The hatchlings then have to attack the player for a chance to get the disease. If you get this far — the Mirelurk Queen can be a tough boss — the spawn have to continue attacking the player for several minutes. That’s if you’re lucky. The Queen may not generate hatchlings at all. The hatchlings might die before you get The Whoopsies, or they won’t carry the disease. Players also need to come stocked with plenty of anti-radiation medicine, Metzger noted, stating that the ability was hot-keyed in his attempts. Luck, supplies, and time have to be on your side.
“Mirelurk Queens can be a pain to deal with,” Darth Obnoxious said.
Bethesda Game Studios/Bethesda Softworks
It wasn’t until late last year, after six months of trying for the “All Diseases” challenge, that Darth Obnoxious finally got the elusive Whoopsies. It was on a whim — his play group had nearly given up on the challenge. But one fateful day, they just happened to stumble on a Mirelurk Queen which seemed prime for a photo opportunity. But since the mutated crab kept attacking them while they posed for pictures, the clan decided to try for The Whoopsies one last time. Darth Obnoxious recalls letting “diseased [hatchlings] nip me as they pleased,” just to see what would happen. After about five minutes, and after months of contracting a wide swath of ailments and diseases, his character finally got The Whoopsies. Some of his friends, he notes, gave up along the way.

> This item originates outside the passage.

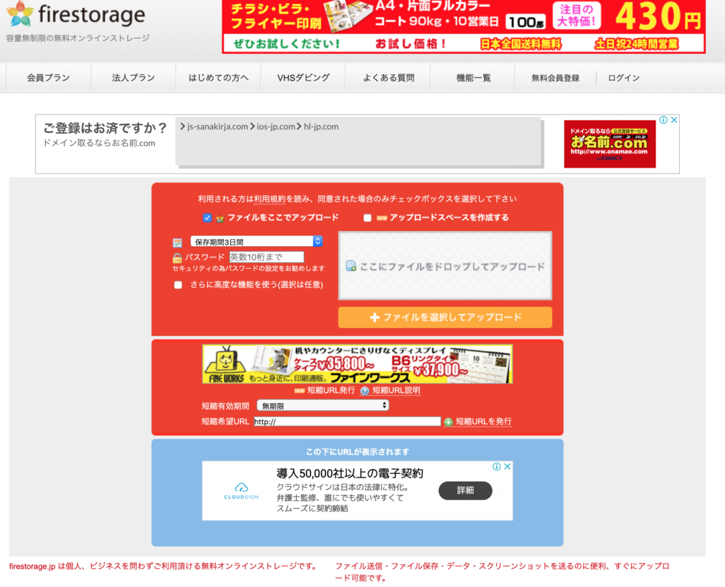 しかし、保存期間が最大7日間です。ギガファイル便よりも短い設定です。逆にかなり短い時間で設定が可能です。大切な情報をネット上に長い間晒しておきたくない場合はFirestoragew利用する方がいいかもしれませんね。

“I am glad that it was a challenge, and I am happy that having diseases was built into the game in a way that it can be either a detriment or a bonus depending on the way you choose to play [it],” he told Polygon. “I feel for all of the level one critters that have lost their lives from approaching me when I am trudging along over-encumbered, but have no plans on removing the Plaguewalker mutation.
“My appreciation for the various diseases that I harbor from time to time will probably remain for as long as I play Fallout 76.”